Se você está ligado nos eventos literários por aí, vai se dar conta de que a FLIP (Festa Literária Internacional de Paraty 2024) teve como grande homenageado João do Rio, jornalista, escritor e dramaturgo brasileiro, um dos cronistas mais brilhantes do início do século XX.
Para começo de conversa, como você pode imaginar, João do Rio era seu pseudônimo. Sim, porque seu nome de batismo era Paulo Barreto. Nasceu em 1881 e faleceu em 1921, aos 39 anos, jovem. A inspiração para sua assinatura como autor veio da França. Lá existia um jornalista chamado Napoléon-Adrian Marx, que assinava sua coluna no Le Figaro, um jornal francês da época, como Jean de Paris. O brasileiro achou interessante aquela composição de nome e pertencimento e resolveu que também carregaria sua cidade em suas obras. Nada mais justo, pois o Rio de Janeiro sempre ocupou o centro de suas observações.

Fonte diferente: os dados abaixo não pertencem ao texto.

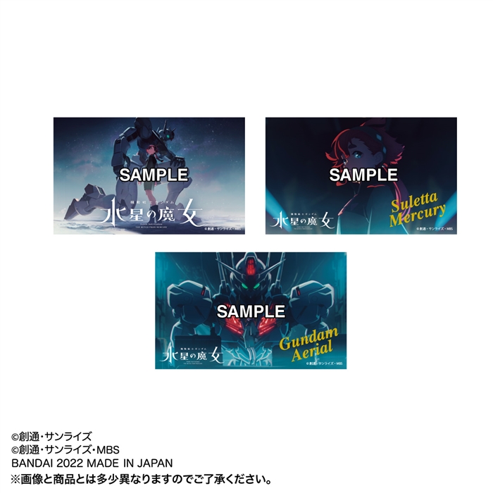 Adesivo con sfondi scintillanti che utilizza illustrazioni diMobile Suit Gundam la strega di mercurio.Due dei tre tipi hanno nomi foil-timbrati dei personaggi e tute mobili.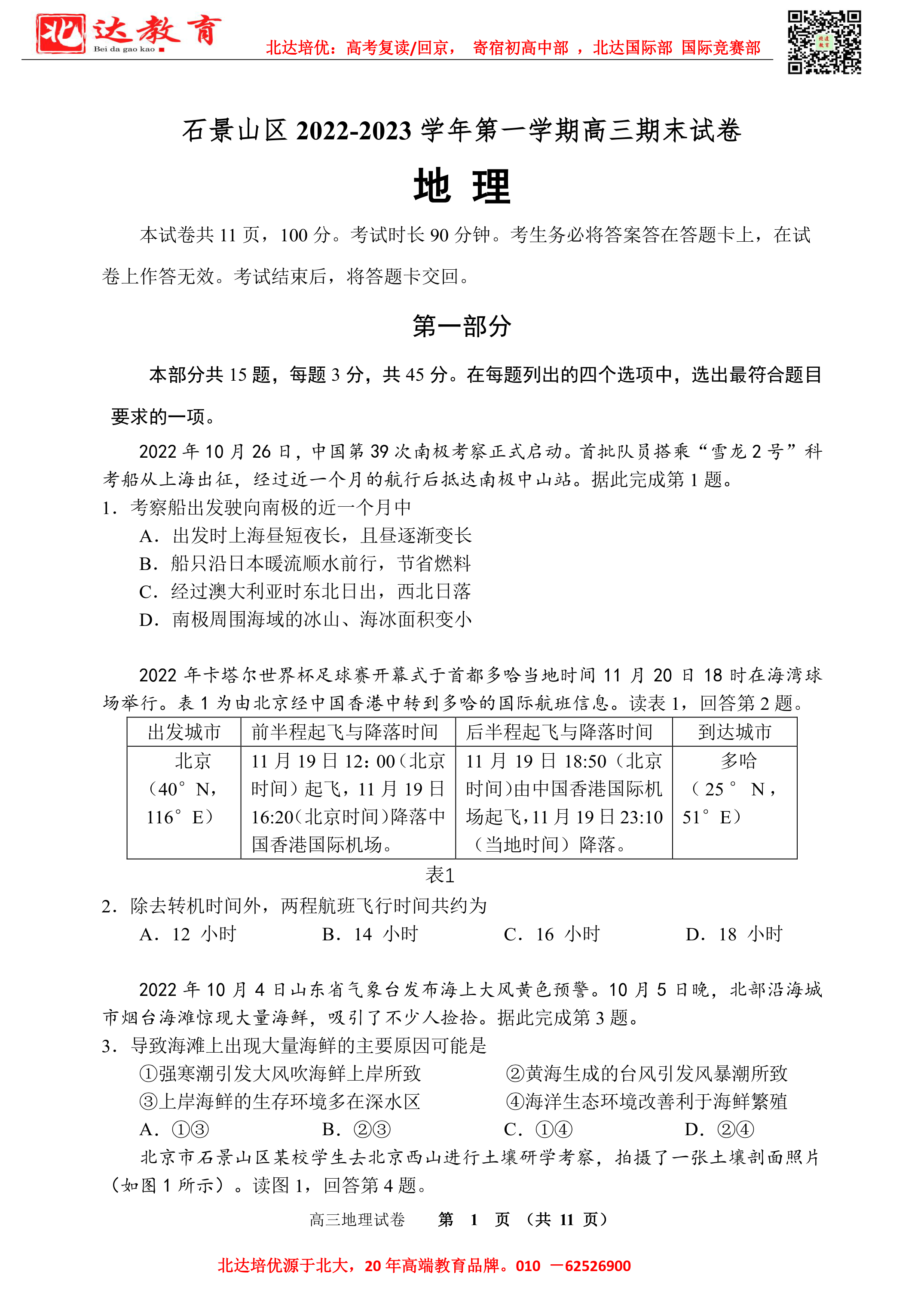 2023北京各区期末考试已陆续开始,为了方便同学们查找相关试题,admw360高考复读学校整理了2023年北京石景山区高三上学期期末地理试题及答案,附高清电子版,欢迎为大家下载分享~

E aqui começa a despontar o João do Rio que passei a admirar. Sou um jornalista estranhamente avesso às notícias. O factual não me envolve, prefiro as grandes reportagens, aquelas feitas com tempo, pesquisa, volume de buscas. Não gosto da informação corriqueira. E com a velocidade na comunicação e a tecnologia disponível hoje, o repórter pode fazer seu trabalho sem sequer deixar a redação. Há pouco espaço para aqueles que desejam contar e escrever sua matéria a partir de si como testemunhas oculares da história.

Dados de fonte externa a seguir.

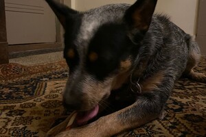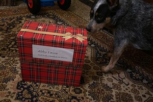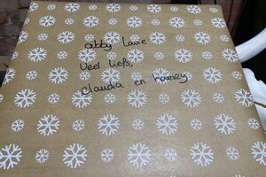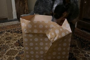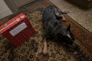 Kerstpakket van Claudia en Harry. Zelfs Frits is aan het kauwen.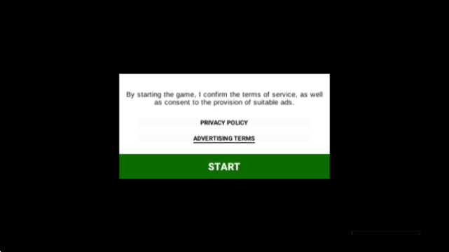 1. 初始界面会显示服务条款和广告协议,点击“START”按钮开始您的冒险。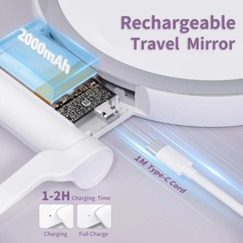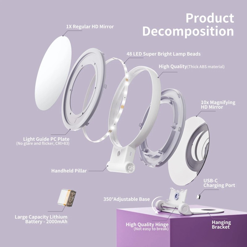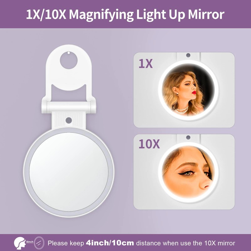 Double Mirror with Light:This two-sided mirror is equipped with 48 lamp beads, soft lighting, one side is a 10x LED magnifying mirror, better magnification of facial details,which is good for makeup needs, shaving, or deep cleaning,and the other side is a high-definition, non-distorted mirror.

João do Rio frequentava salões elegantes e até esnobes, mas também fluía bem pelas regiões mais desfavorecidas. Essa sua desenvoltura e adaptação conforme o ambiente o fez enxergar a sociedade da época na totalidade. A meu ver, isso era o seu grande diferencial. Ter essa visão ampla do Rio de Janeiro da sua época provavelmente foi um ponto-chave para ter alcançado tamanho prestígio. Ele se distinguia por isso.
Há relatos de que o cronista foi o primeiro a visitar um terreiro de candomblé, a assistir uma roda de samba e a cobrir uma partida de futebol. Das suas experiências surgiram volumes e mais volumes de crônicas. Sua capacidade de observação o tornava muito sagaz e, somando isso a sua sensibilidade, era capaz de conciliar técnicas jornalísticas com recursos literários. Não à toa é considerado por muitos como o pai da crônica moderna.
É verdade que ao longo da história sua obra acabou caindo no esquecimento, sendo a 22ª edição da FLIP, em 2024, uma das responsáveis por invocar o observador do Rio no trato da literatura atual. Já tratei deste tema em outros posts por aqui. Tenho a opinião de que esse esquecimento não é exatamente sobre João do Rio, mas sobre a crônica em si.
A observação cotidiana, que às vezes se detém até nas pequenas banalidades, não cabe em um mundo de conexões onde exige velocidade e produtividade. Repito o que já escrevi em algum lugar antes: A crônica é o que melhor nos compreende. As pessoas privilegiam o extraordinário em detrimento do ordinário, mas se esquecem de que a vida acontece no cotidiano, nas lidas diárias, no abrir e fechar dos olhos que iniciam e encerram o dia.
João do Rio deixou obras que ainda têm muito a nos contar. Abaixo deixo uma sugestão, trata-se de sua obra mais famosa: A Alma Encantadora das Ruas (1908)
Em A alma encantadora das ruas, uma coletânea de textos publicados entre 1904 e 1907, João do Rio explora as ruas do Rio de Janeiro para capturar a essência da cidade em constante mudança. Naquela época, o Rio deixava de ser uma cidade pacata para se tornar a moderna e agitada capital do país. João do Rio, conhecido por seu estilo sofisticado e olhar curioso, transformava o simples ato de caminhar pelas ruas em uma forma de viver e entender o mundo ao seu redor.